## What the task asks
From top to bottom, return the listing exactly as it appears, omitting its images.

## Data segment
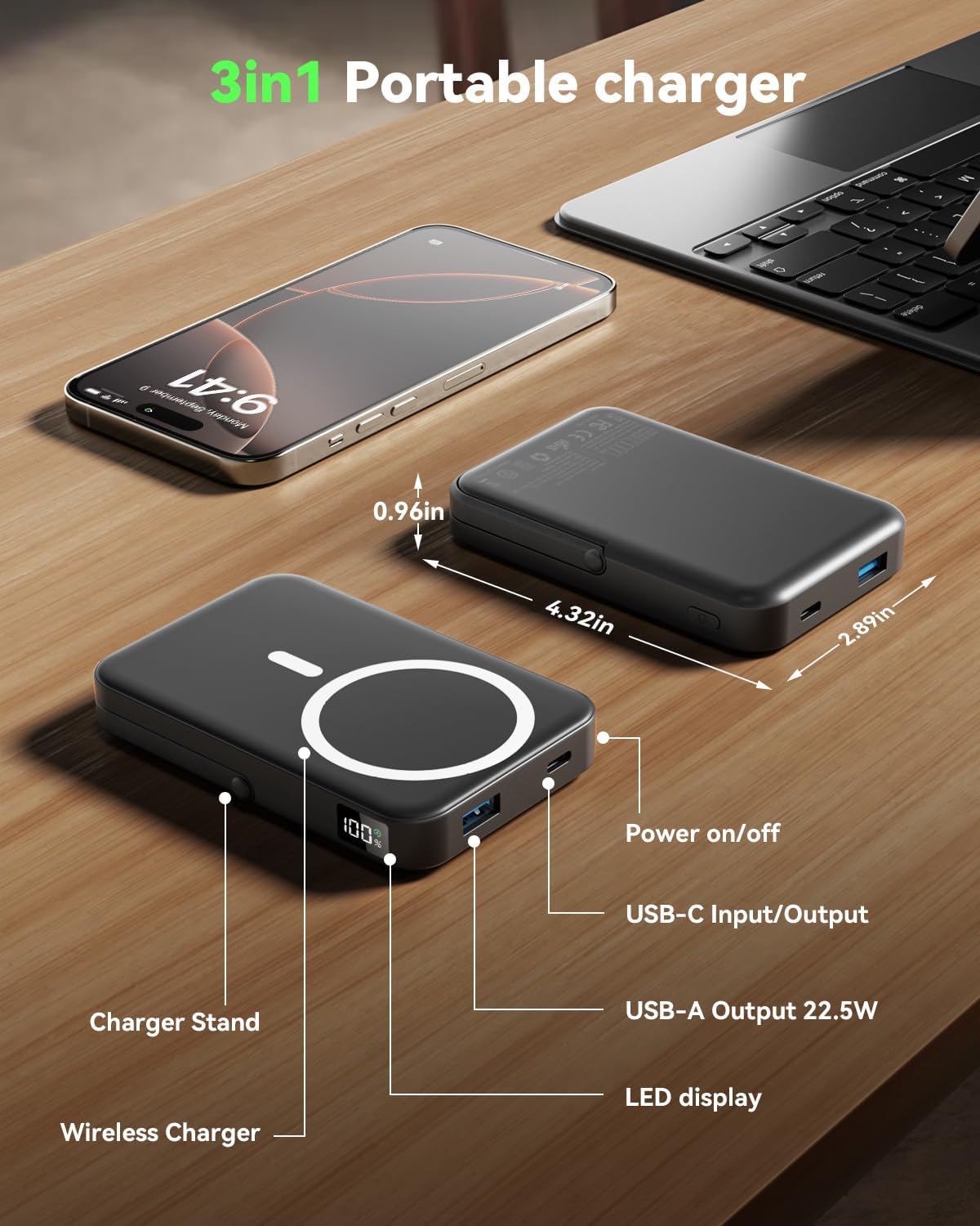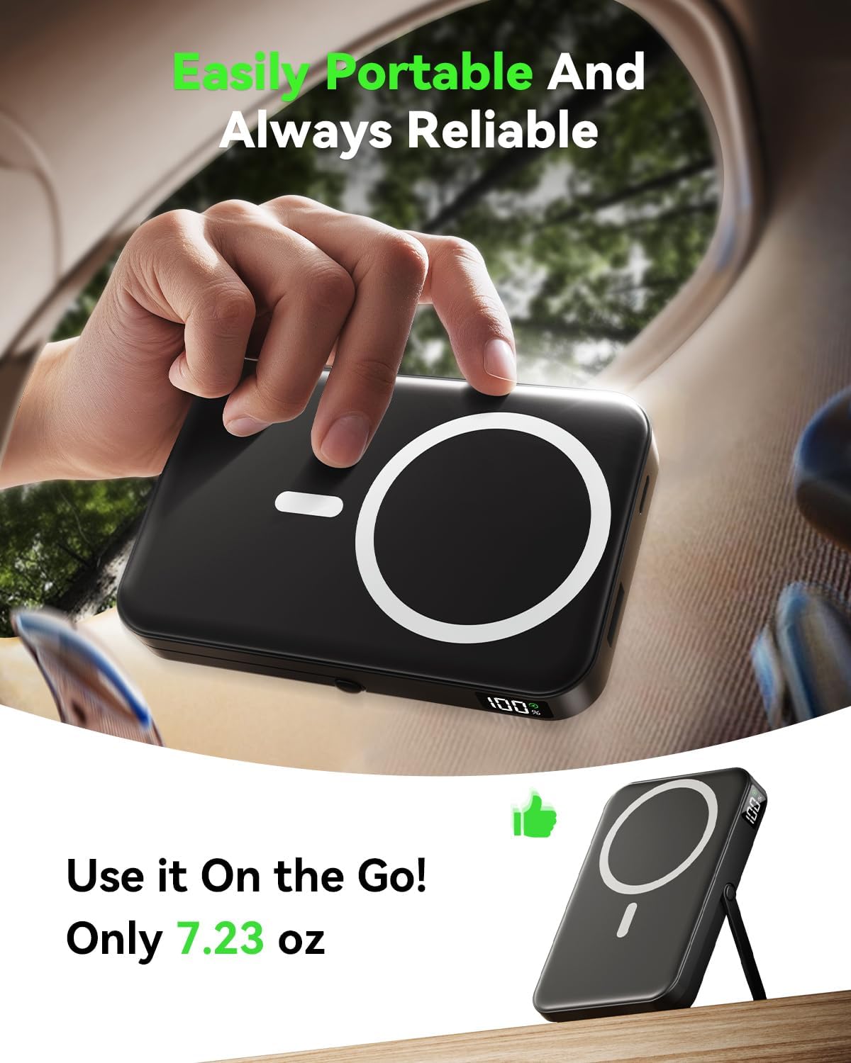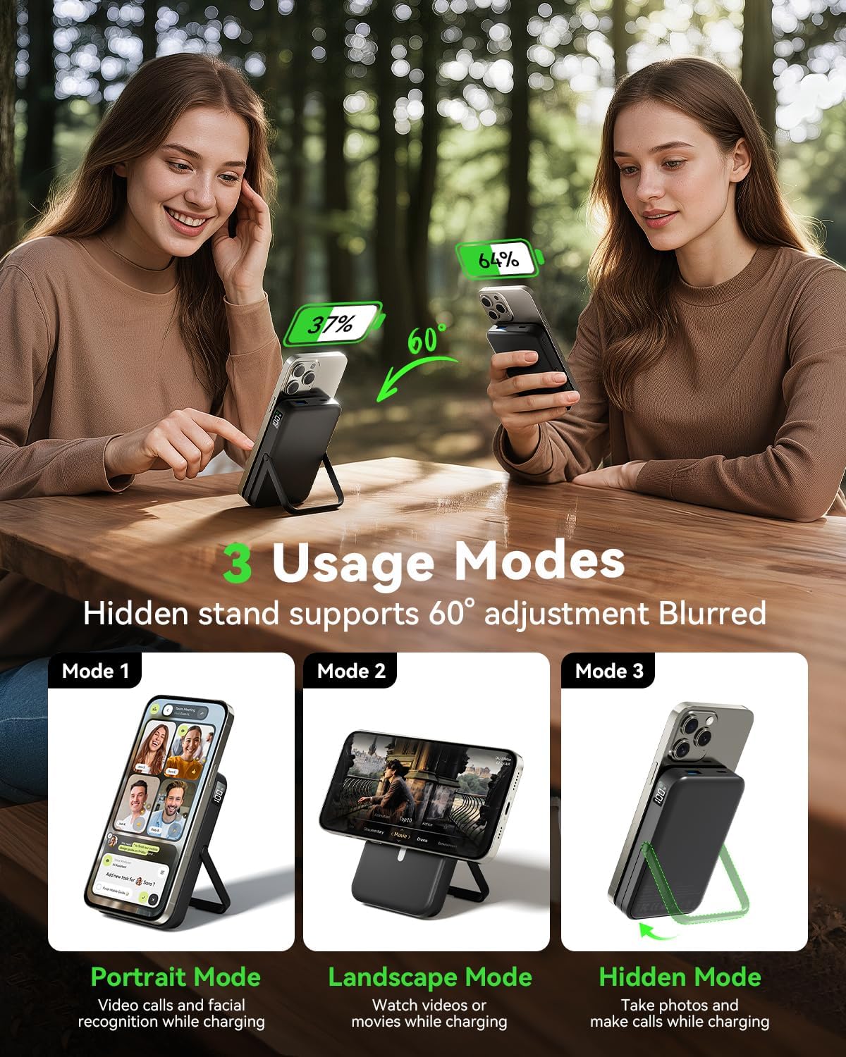 【Foldable Stand for Hands-Free Use】Equipped with a sturdy foldable stand,this wireless charger for MagSafe iPhone easily transforms your device into a mini workstation or entertainment screen while charging.Use it vertically for FaceTime or horizontally for Netflix.More than just a power bank,it’s a practical portable charger that adds convenience to work,travel,or daily use.
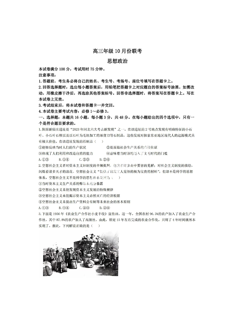 河北省邢台市邢襄联盟2025届高三10月联考 政治
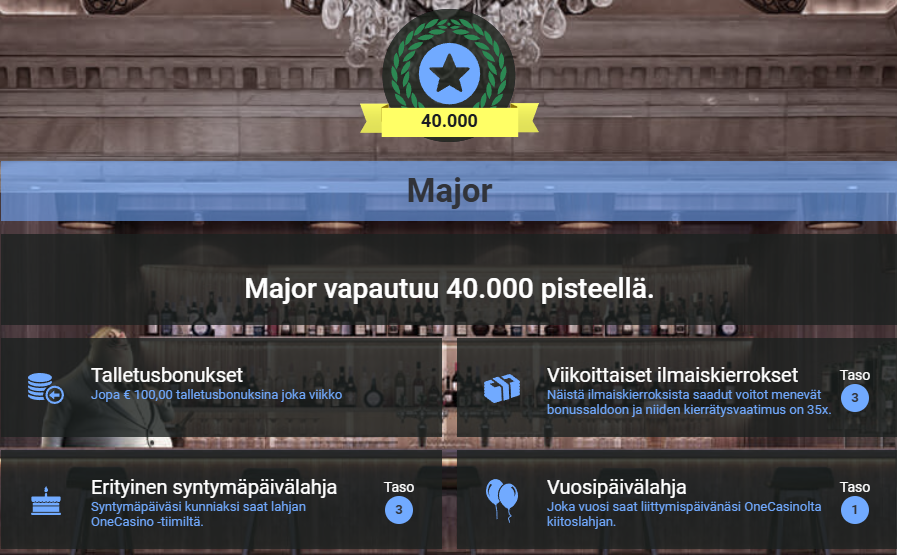 Taso kerrallaan etuudet paranevat. Parasta One Club -etuohjelmassa on se, että tasot eivät nouse tappioista riippuen vaan nimenomaan kierrätyksestä johtuen. Eli voit nousta reilusti tasoissa vaikka olisit edelleen voitolla peleistä. Se tosin vaatii hieman lady Fortunaa. Jo Member -tasolla alat samaan viikoittaisia talletusbonuksia ja nämä bonukset paranevat aina tasoja ylöspäin noustessa.

## Result below
 【Foldable Stand for Hands-Free Use】Equipped with a sturdy foldable stand,this wireless charger for MagSafe iPhone easily transforms your device into a mini workstation or entertainment screen while charging.Use it vertically for FaceTime or horizontally for Netflix.More than just a power bank,it’s a practical portable charger that adds convenience to work,travel,or daily use.
 河北省邢台市邢襄联盟2025届高三10月联考 政治
 Taso kerrallaan etuudet paranevat. Parasta One Club -etuohjelmassa on se, että tasot eivät nouse tappioista riippuen vaan nimenomaan kierrätyksestä johtuen. Eli voit nousta reilusti tasoissa vaikka olisit edelleen voitolla peleistä. Se tosin vaatii hieman lady Fortunaa. Jo Member -tasolla alat samaan viikoittaisia talletusbonuksia ja nämä bonukset paranevat aina tasoja ylöspäin noustessa.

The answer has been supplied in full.